En énumérant les caractéristiques physiques et psychologiques des burakumin dans son ouvrage intitulé Recherches sur la psychologie du pauvre publié en 1915, il considère que ces différences proviendraient d’une distinction raciale.
Parmi eux, il y a de nombreuses personnes grosses, en général leur taille est plus grande que les Japonais ordinaires, et au niveau des sentiments aussi naturellement, il y a des choses qui diffèrent avec les autres Japonais. Agressifs, insensibles, soudés, jaloux, cela proviendrait-il seulement de leur condition sociale ? (p. 121)
Il affirme également le caractère inné de leur criminalité :
Que peut-on dire de leurs penchants criminels ? […] En général, on ne peut pas rejeter le fait que la race criminelle appartient à une sorte de lignée familiale. Personne ne peut rejeter l’idée qu’ils sont d’une race criminelle de l’Empire japonais. [9]
Il faudra attendre 1919 pour que l’historien Kita Sadakichi, dans un article sur l’origine des eta, réfute l’idée que les burakumin sont différents des autres Japonais (Kurokawa, p. 289). En 1950, un rapport de l’UNESCO a de nouveau démenti cette croyance. Pourtant, elle reste encore présente au sein de la société japonaise, et la peur de mélanger son sang avec un burakumin par crainte de souiller la lignée reste une raison invoquée par les non-burakumin pour justifier le refus de se marier avec eux. Bien que l’on observe une influence plus forte d’un racisme d’ordre culturel dans les pays du Nord global, les non-burakumin justifient toujours l’exclusion des burakumin par le racisme biologique, comme le montre l’extrait ci-dessous :
- Le problème, c’est le sang. Si on mélange notre sang avec leur sang [celui des burakumin], alors notre race devient différente malheureusement. Parce qu’ils sont d’une race différente. Leur sang est fort.
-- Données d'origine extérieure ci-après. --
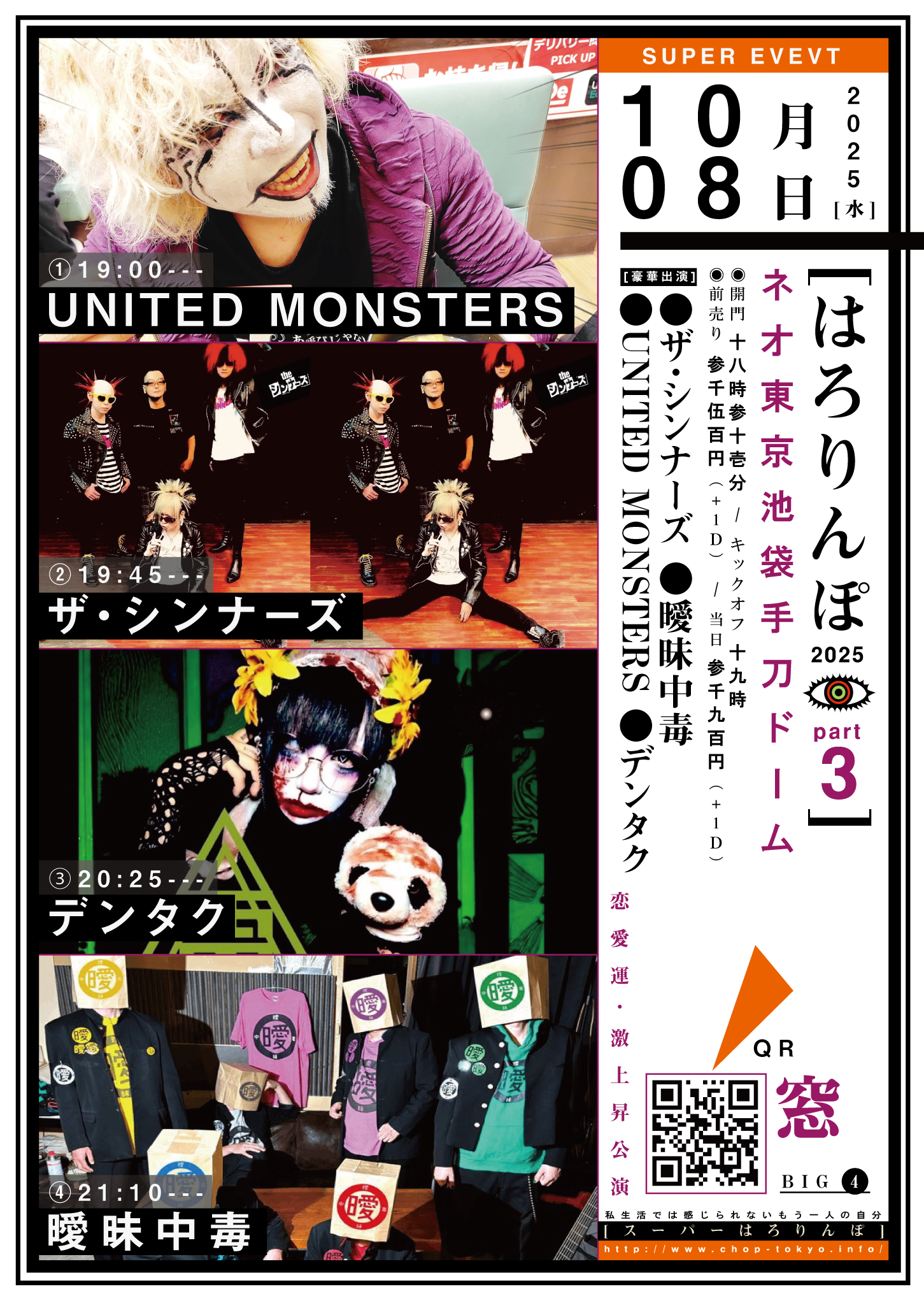 ◆前売りパー予約方法&入場ジュン:[1].TIGET(前売券予約No.1~番号順/*当日会場受付にて代金お支払い) → [2].バンド予約(取り扱いグループのみ) → [3].当日券

– De qui avez-vous entendu cela ?
– De nos parents et de nos proches […]. Parce que le Japon est un pays qui respecte la lignée. Les Japonais respectent la lignée. C’est pourquoi même si [nous les Japonais] on envisage de se marier avec son amoureux/ou son amoureuse, derrière il y aura toujours les parents, les proches. Ils chercheront la lignée de cette personne. Il faut éviter à tout prix la mauvaise lignée. (Homme non-burakumin, 75 ans).
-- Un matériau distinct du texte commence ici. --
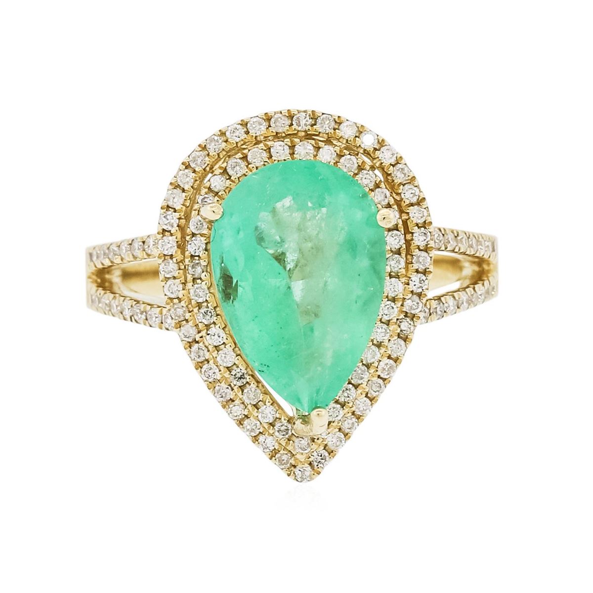 One electronically tested 14KT yellow gold ladies combination cast & assembled ring with a bright polish finish. Identified with markings of "14K". Condition is new. Containing: One prong set pear modified brilliant cut natural emerald, measuring 12.01 x 8.82 x 4.99mm, approximate weight of 2.88ct., clarity is heavily included, type III, medium light, very slightly grayish, very slightly bluish green color, (GIA vslbG 4/3), cut is good. One Hundred Four prong set round brilliant cut diamonds, measuring 1.10 - 1.10 x 0.66mm (depth est.) approximate total weight of 104 Stones = 0.50ct. Clarity: I-1 to I-2. Color: K - L, Cut is Good. Colored gemstones are presumed to have been subjected to commonly used enhancement processes. All diamonds and colored gemstones are graded in the mounting, unless otherwise stated. Total Weight of Colored Stones 2.88ct. Total Weight of Diamonds 0.50ct. Total Weight of Ring 6.40 grams. GGL Appraised at $8,300.00.

La peur de mêler son sang avec un burakumin a entraîné la création des Chimei sōkan, qui sont des listes où figure l’emplacement des buraku dans le but d’identifier leurs habitants. Leur existence a été découverte en 1975 et elles ont été achetées par 223 entreprises [10]. Dans ces listes sont inscrits les noms de 5 300 buraku du pays ainsi que leur localisation, le nombre de leurs habitations et leurs occupations professionnelles principales (p. 253-254). Le fondateur du premier numéro de ces listes, qui a ouvert une agence de renseignements à la fin des années 1960, a avoué que 99 % des requêtes des clients étaient centrées autour de la préoccupation des non-burakumin de mélanger leur sang avec une personne du buraku (p. 254). Le problème de ces listes n’est pas résolu, leur vente mais aussi leur diffusion par internet se poursuivent, et la réglementation pour limiter leur circulation est considérée comme insuffisante (p. 261) par les militants de la Ligue de libération des buraku. La sociologue Saito Naoko explique à ce titre que « les enquêtes sur l’identité » effectuées par des agences de renseignements et de détectives privées au Japon peuvent aujourd’hui encore constituer un business de grande ampleur [11]. Elles sont réalisées au moment du mariage, lorsqu’un individu cherche à connaître entre autres le lieu de naissance et la nationalité de son partenaire (p. 9). Ces dernières années, pour empêcher l’obtention frauduleuse d’un extrait des actes de l’état civil ou d’autres documents officiels, les municipalités sont de plus en plus nombreuses à avoir adopté un système qui informe systématiquement la personne concernée de chaque délivrance de ce type de documents à un tiers (p. 9).
La discrimination dans le mariage
Notre enquête a permis de montrer que, même si le taux d’intermariage ne cesse de progresser entre les membres des deux groupes depuis la période d’après-guerre [12], la discrimination au moment de se marier n’a pourtant pas disparu. Beaucoup de jeunes burakumin rencontrent des difficultés à cette étape de leur existence, et ce phénomène est invisibilisé du fait du silence des personnes concernées. En effet, elles doivent notamment faire face au dilemme de cacher ou révéler à leur partenaire leur « identité ». Cette nécessité de l’aveu est propre aux habitants du buraku, mais aussi aux minorités sexuelles dont l’une des particularités est d’être invisibles. L’analogie entre les deux groupes est souvent soulignée, car « révéler » être burakumin est proche du besoin de faire son coming-out pour les personnes qui cachent leur homosexualité. L’extrait ci-dessous montre toute la complexité de cette situation racontée par une jeune femme burakumin, qui a dû mettre un terme à son premier projet de mariage au bout de huit mois de relation suite à l’opposition irréversible de sa belle-famille. Elle fait actuellement face pour la seconde fois au refus des proches de son nouveau compagnon pour consentir au mariage.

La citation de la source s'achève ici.